The task: Beginning at the line with "91 ? 1 a Directional" in the records below, return each line up to and including the last, exactly as it stands, but not the pictures.

Source data
════════

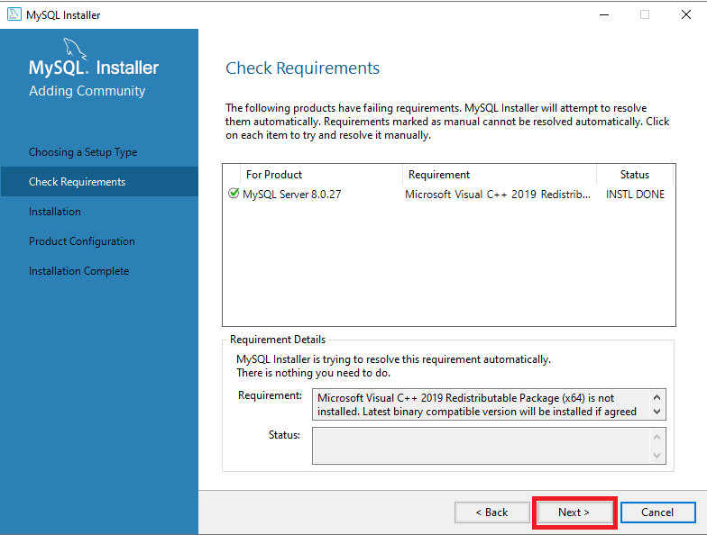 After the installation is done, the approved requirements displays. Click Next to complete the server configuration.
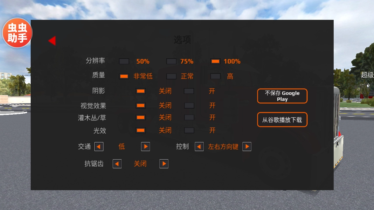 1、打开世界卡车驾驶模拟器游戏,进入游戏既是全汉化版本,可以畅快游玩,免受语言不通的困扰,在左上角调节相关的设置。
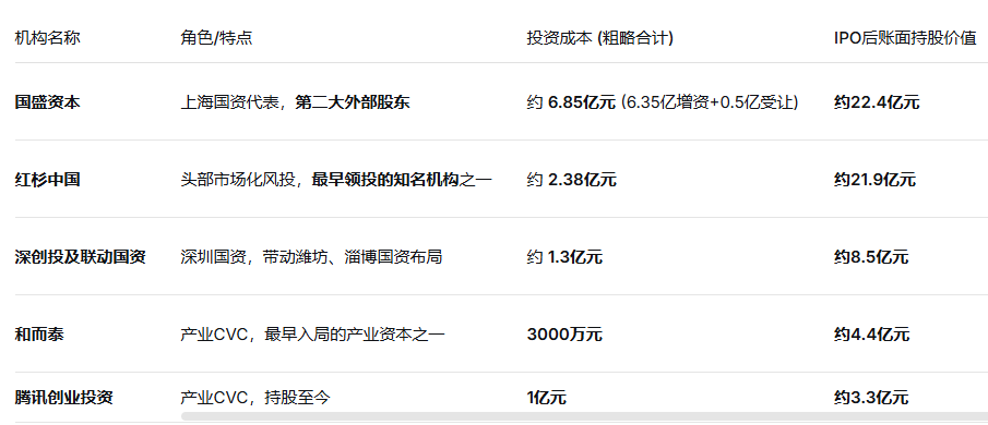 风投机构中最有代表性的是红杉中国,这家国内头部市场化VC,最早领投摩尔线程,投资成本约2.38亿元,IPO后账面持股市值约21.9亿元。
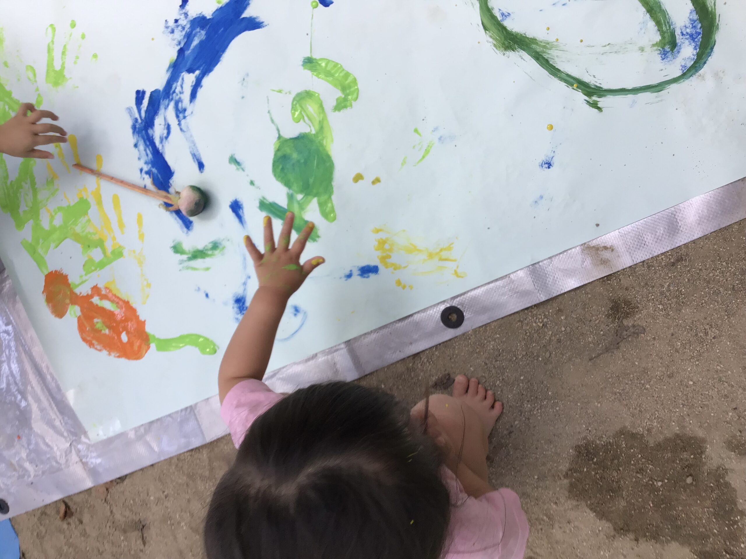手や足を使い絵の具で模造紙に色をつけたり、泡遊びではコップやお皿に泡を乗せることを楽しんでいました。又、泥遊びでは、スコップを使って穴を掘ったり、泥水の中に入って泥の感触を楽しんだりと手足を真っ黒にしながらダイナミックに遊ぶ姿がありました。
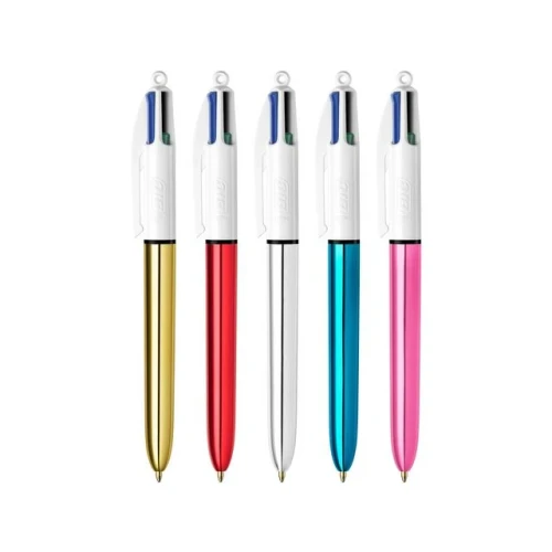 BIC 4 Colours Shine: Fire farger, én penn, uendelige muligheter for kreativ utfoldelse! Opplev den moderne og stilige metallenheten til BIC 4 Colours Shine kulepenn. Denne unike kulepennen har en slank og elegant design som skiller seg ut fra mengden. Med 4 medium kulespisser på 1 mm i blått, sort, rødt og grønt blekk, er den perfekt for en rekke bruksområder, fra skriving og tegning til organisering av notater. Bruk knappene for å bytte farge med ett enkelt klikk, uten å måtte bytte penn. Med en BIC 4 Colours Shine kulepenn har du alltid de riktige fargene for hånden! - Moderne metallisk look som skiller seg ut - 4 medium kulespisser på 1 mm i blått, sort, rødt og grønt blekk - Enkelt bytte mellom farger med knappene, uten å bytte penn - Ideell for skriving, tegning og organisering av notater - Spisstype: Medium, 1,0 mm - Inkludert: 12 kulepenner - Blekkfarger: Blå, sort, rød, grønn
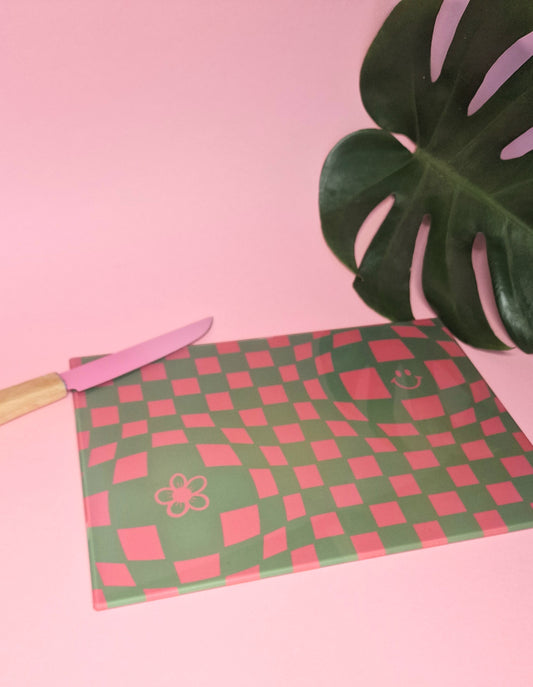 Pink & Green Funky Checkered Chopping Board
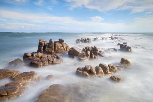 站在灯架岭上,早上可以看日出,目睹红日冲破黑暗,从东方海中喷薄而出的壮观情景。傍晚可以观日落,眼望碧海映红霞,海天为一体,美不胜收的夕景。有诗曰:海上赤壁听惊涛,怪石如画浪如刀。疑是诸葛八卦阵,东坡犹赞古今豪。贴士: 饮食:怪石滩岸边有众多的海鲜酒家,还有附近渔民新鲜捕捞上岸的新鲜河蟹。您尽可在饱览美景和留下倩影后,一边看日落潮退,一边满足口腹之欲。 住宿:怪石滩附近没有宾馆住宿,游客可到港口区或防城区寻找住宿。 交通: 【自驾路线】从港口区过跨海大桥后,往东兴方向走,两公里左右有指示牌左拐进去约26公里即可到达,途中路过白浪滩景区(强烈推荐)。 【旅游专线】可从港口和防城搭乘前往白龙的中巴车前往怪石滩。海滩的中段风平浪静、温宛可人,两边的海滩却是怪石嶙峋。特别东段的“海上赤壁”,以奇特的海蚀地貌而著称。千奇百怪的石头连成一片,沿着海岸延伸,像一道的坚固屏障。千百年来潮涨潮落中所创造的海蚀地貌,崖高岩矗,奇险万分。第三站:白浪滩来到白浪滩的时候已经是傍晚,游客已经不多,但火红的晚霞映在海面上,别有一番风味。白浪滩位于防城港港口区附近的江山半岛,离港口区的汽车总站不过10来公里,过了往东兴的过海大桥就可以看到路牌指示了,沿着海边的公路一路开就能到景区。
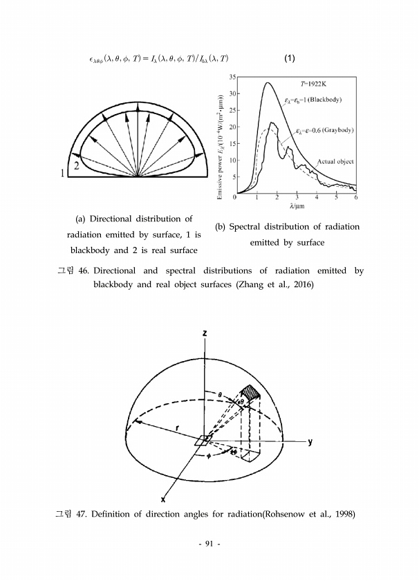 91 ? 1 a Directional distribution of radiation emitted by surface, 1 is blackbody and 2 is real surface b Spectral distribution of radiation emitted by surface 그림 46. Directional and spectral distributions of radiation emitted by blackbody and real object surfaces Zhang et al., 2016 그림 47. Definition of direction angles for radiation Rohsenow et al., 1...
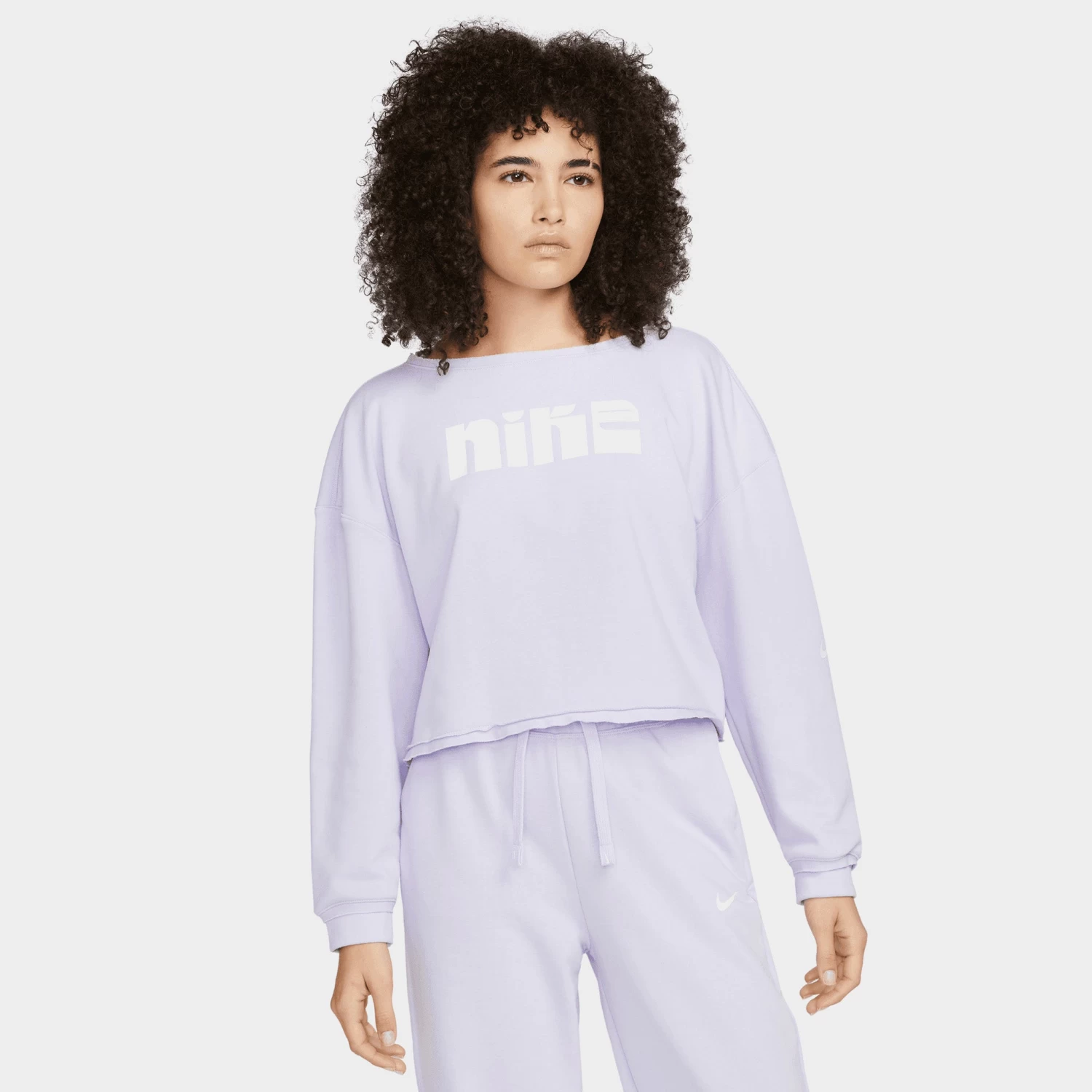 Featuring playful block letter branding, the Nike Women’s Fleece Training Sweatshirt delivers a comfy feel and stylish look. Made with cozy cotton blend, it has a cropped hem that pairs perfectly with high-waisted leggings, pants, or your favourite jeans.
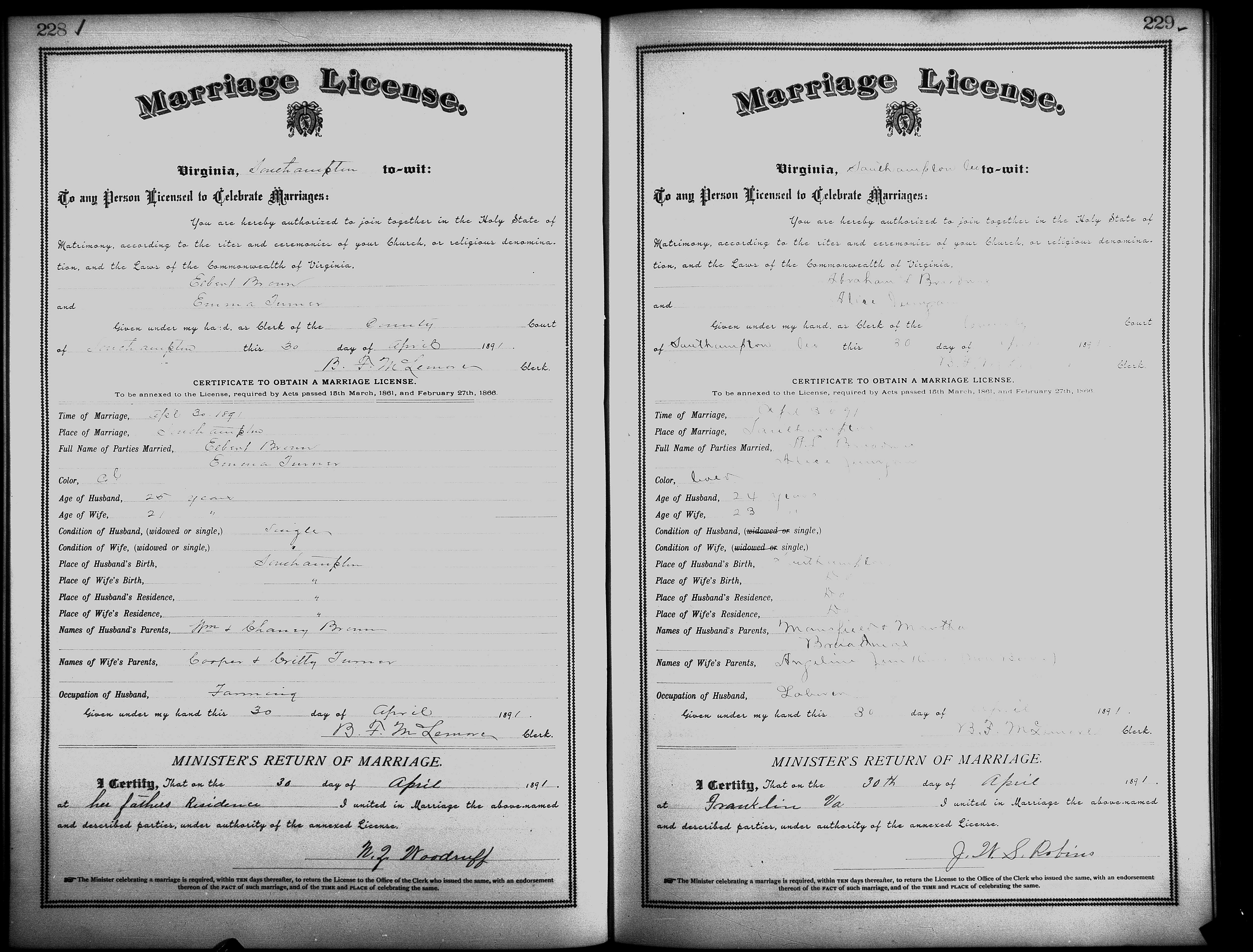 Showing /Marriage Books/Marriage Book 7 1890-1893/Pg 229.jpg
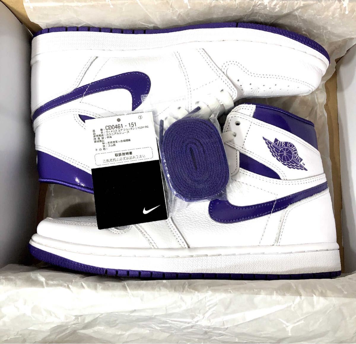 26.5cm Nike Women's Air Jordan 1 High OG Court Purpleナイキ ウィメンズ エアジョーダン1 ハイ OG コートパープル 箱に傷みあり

════════

Finished task:
 91 ? 1 a Directional distribution of radiation emitted by surface, 1 is blackbody and 2 is real surface b Spectral distribution of radiation emitted by surface 그림 46. Directional and spectral distributions of radiation emitted by blackbody and real object surfaces Zhang et al., 2016 그림 47. Definition of direction angles for radiation Rohsenow et al., 1...
 Featuring playful block letter branding, the Nike Women’s Fleece Training Sweatshirt delivers a comfy feel and stylish look. Made with cozy cotton blend, it has a cropped hem that pairs perfectly with high-waisted leggings, pants, or your favourite jeans.
 Showing /Marriage Books/Marriage Book 7 1890-1893/Pg 229.jpg
 26.5cm Nike Women's Air Jordan 1 High OG Court Purpleナイキ ウィメンズ エアジョーダン1 ハイ OG コートパープル 箱に傷みあり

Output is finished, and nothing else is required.